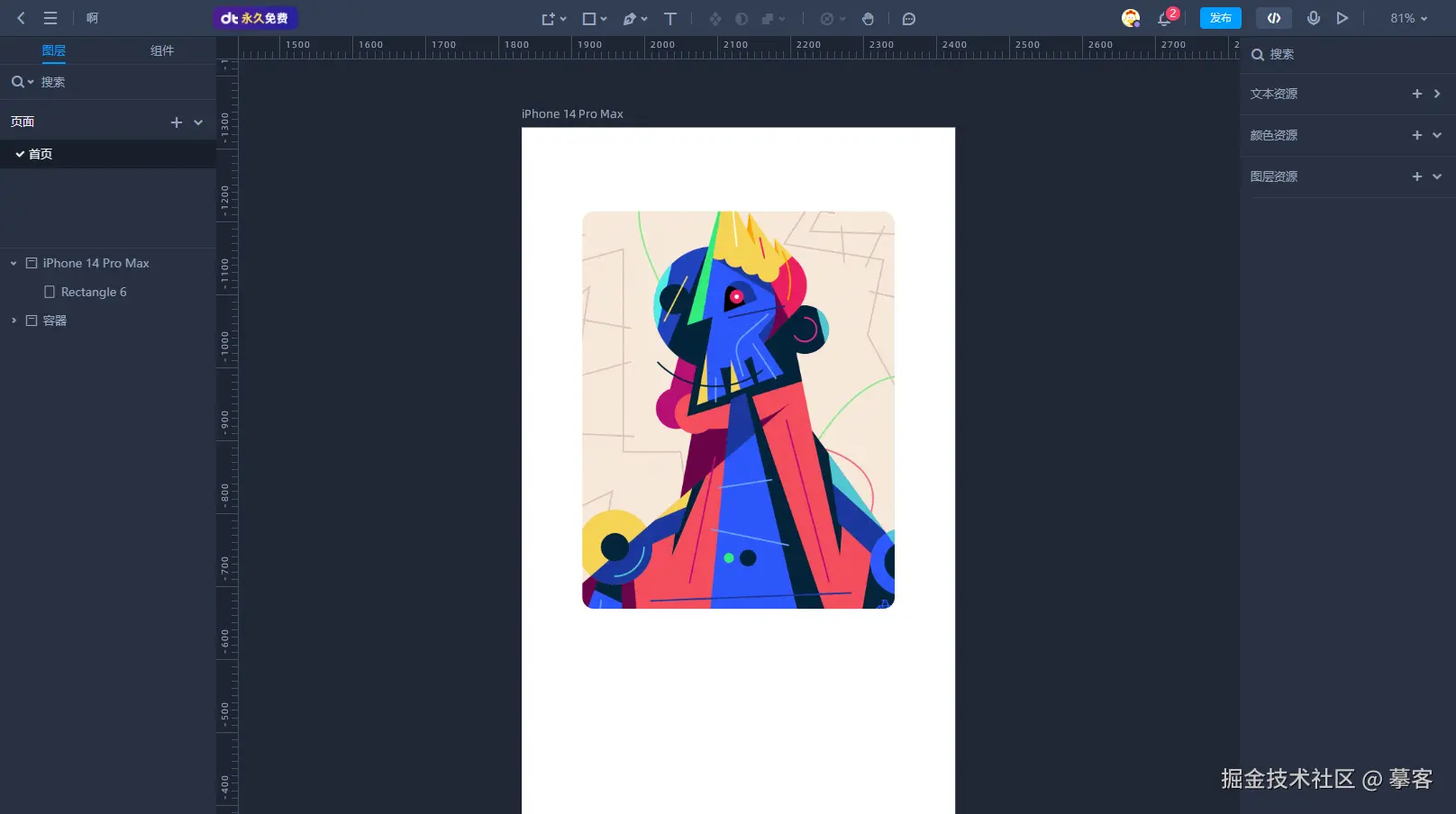 创建一个容器,也就是画板,在画板上添加矩形作为卡片的基础框架,可通过调整圆角来增加卡片的视觉柔和度,
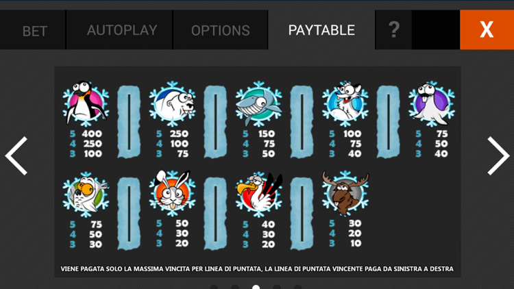 Таблица выплат Arctic Wild
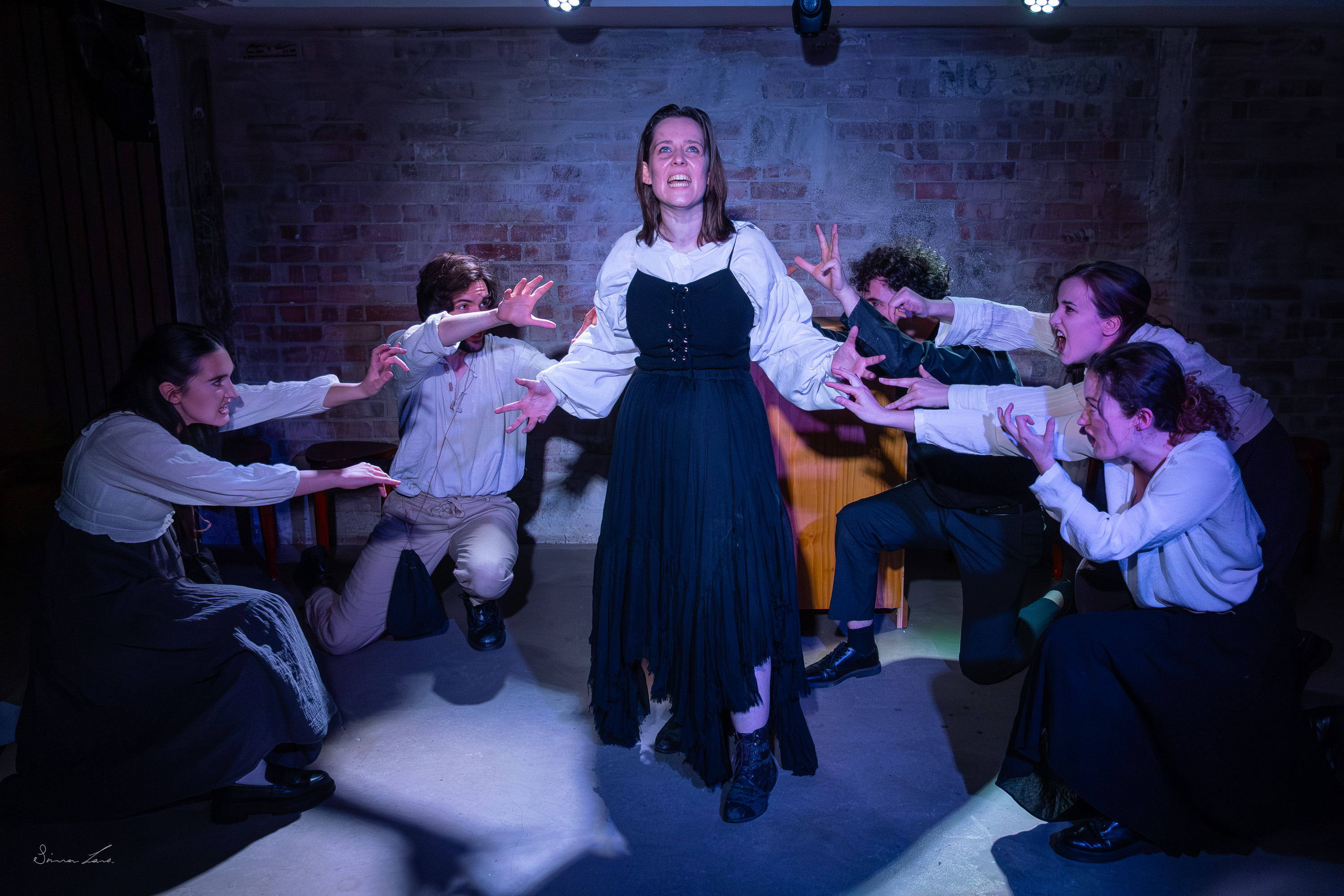 With all due respect to modern-day followers of Wicca, we would normally associate witches with either fairytales or the distant past. By contrast, ‘whistleblower’ is a much more recent term with connotations of corporate or professional wrongdoing. By juxtaposing the two, Arcana Theatre seem to be inviting us to see the parallels between the story they are telling and our own times. The Witch and The Whistleblower is a hugely ambitious project – they have taken a snippet of recently-discovered history and turned it into a full-blown folk musical. With book and lyrics by cast members Roo Berry, Megan Farquhar, Lauren Foreman and Tia Ray, and music by Jake Dufton and Ell Thompson, they fill the notoriously tiny space of The Glitch to the brim. Director Evie Kerr does a magnificent job in managing the entrances and exits so that we remain focused on the story. As with all small venues with no allocated seating, however, there is a benefit in getting seats in the middle at the front for the best experience.

---------------

[TASK TO COMPLETE] Starting at the first line of the material above and ending with the line that contains "Таблица выплат Arctic Wild", reproduce every line exactly, and leave out the pictures.

[RESPONSE TO THE TASK]
 创建一个容器,也就是画板,在画板上添加矩形作为卡片的基础框架,可通过调整圆角来增加卡片的视觉柔和度,
 Таблица выплат Arctic Wild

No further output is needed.